------ RECORDED INFORMATION

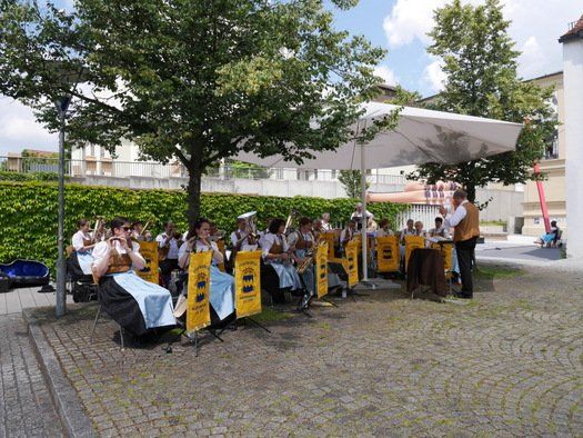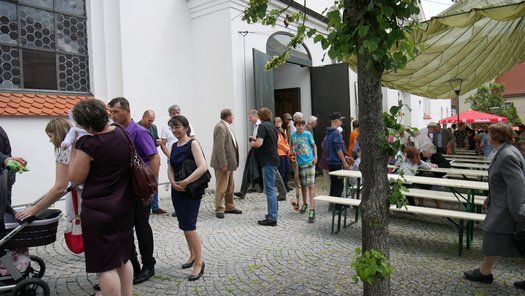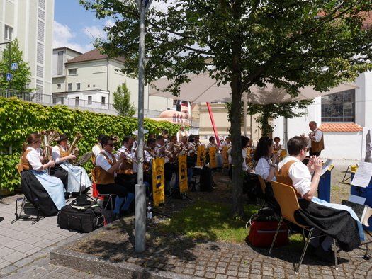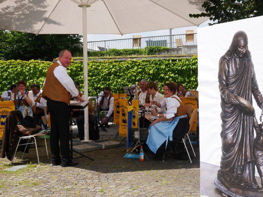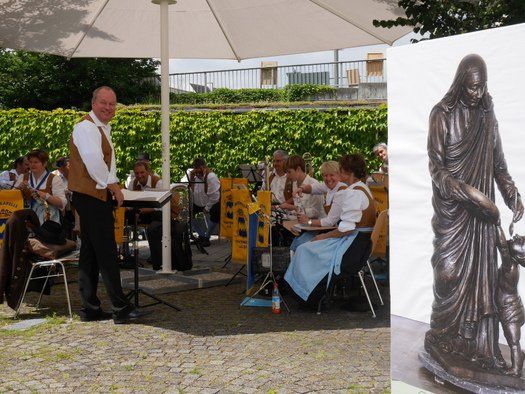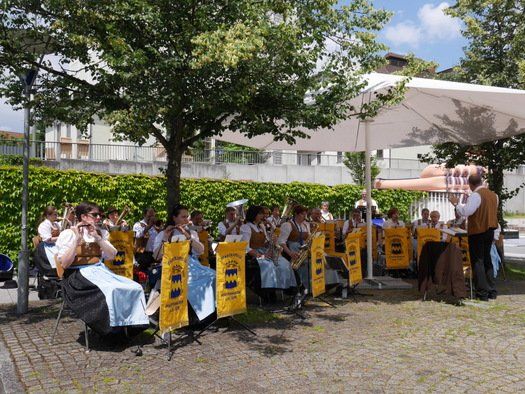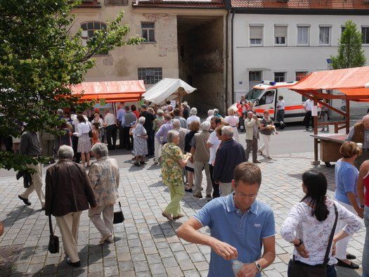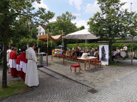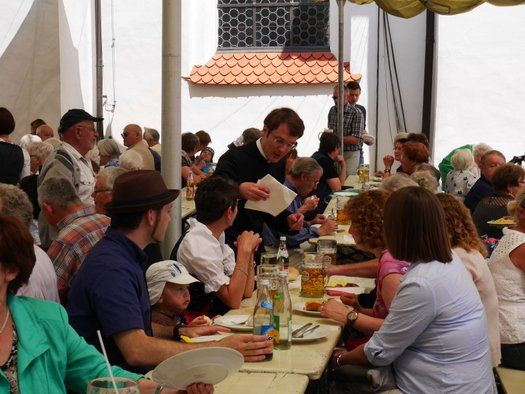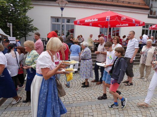 Nachdem Stadtpfarrer Peter Wagner mit seinen Gläubigen und lautstarker Unterstützung der Stadtkapelle die feierliche Sonntagsmesse unter freiem Himmel zelebriert hatte, ging es an die weltlichen Genüsse.
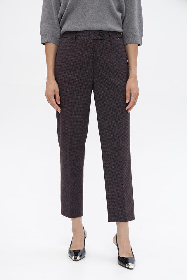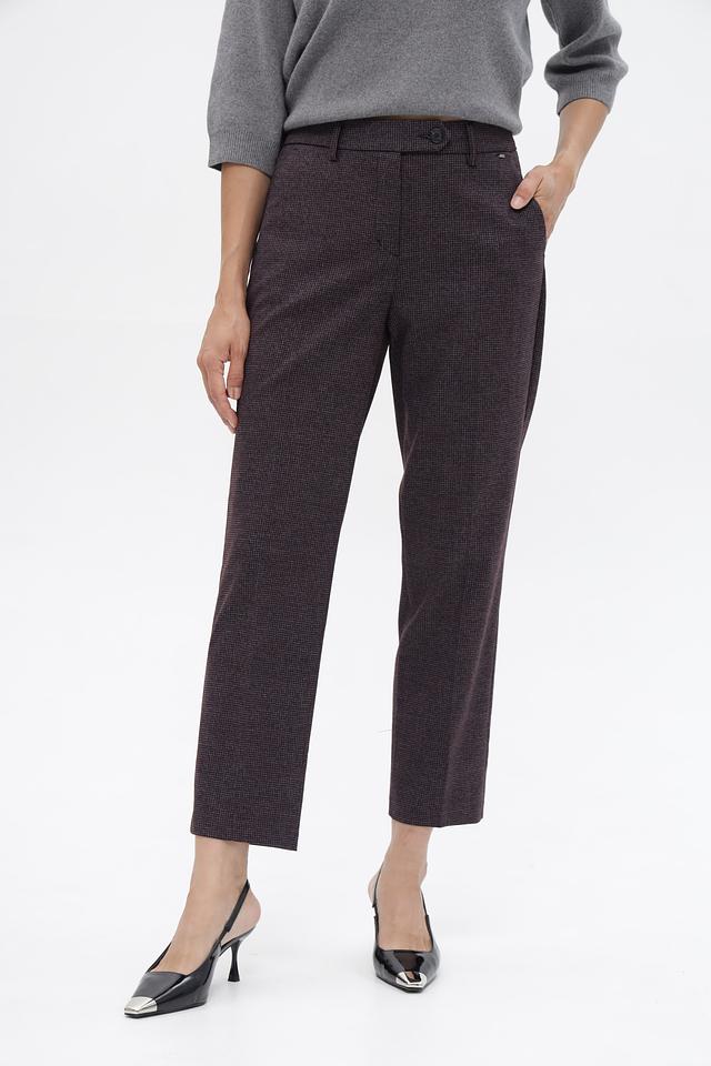 Стильные брюки от Anna Montana в тёмно-бордовой клетку. Изготовлены из полиэстера с добавлением вискозы и эластана для комфорта и хорошей посадки. Состав: полиэстер 64%, вискоза 34%, эластан 2%
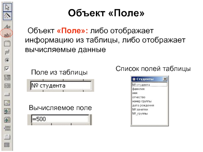 Объект «Поле»: либо отображает информацию из таблицы, либо отображает вычисляемые

------------

EXERCISE INSTRUCTIONS | Except for the pictures, give the data again word for word.

THE COMPLETED TASK |
 Nachdem Stadtpfarrer Peter Wagner mit seinen Gläubigen und lautstarker Unterstützung der Stadtkapelle die feierliche Sonntagsmesse unter freiem Himmel zelebriert hatte, ging es an die weltlichen Genüsse.
 Стильные брюки от Anna Montana в тёмно-бордовой клетку. Изготовлены из полиэстера с добавлением вискозы и эластана для комфорта и хорошей посадки. Состав: полиэстер 64%, вискоза 34%, эластан 2%
 Объект «Поле»: либо отображает информацию из таблицы, либо отображает вычисляемые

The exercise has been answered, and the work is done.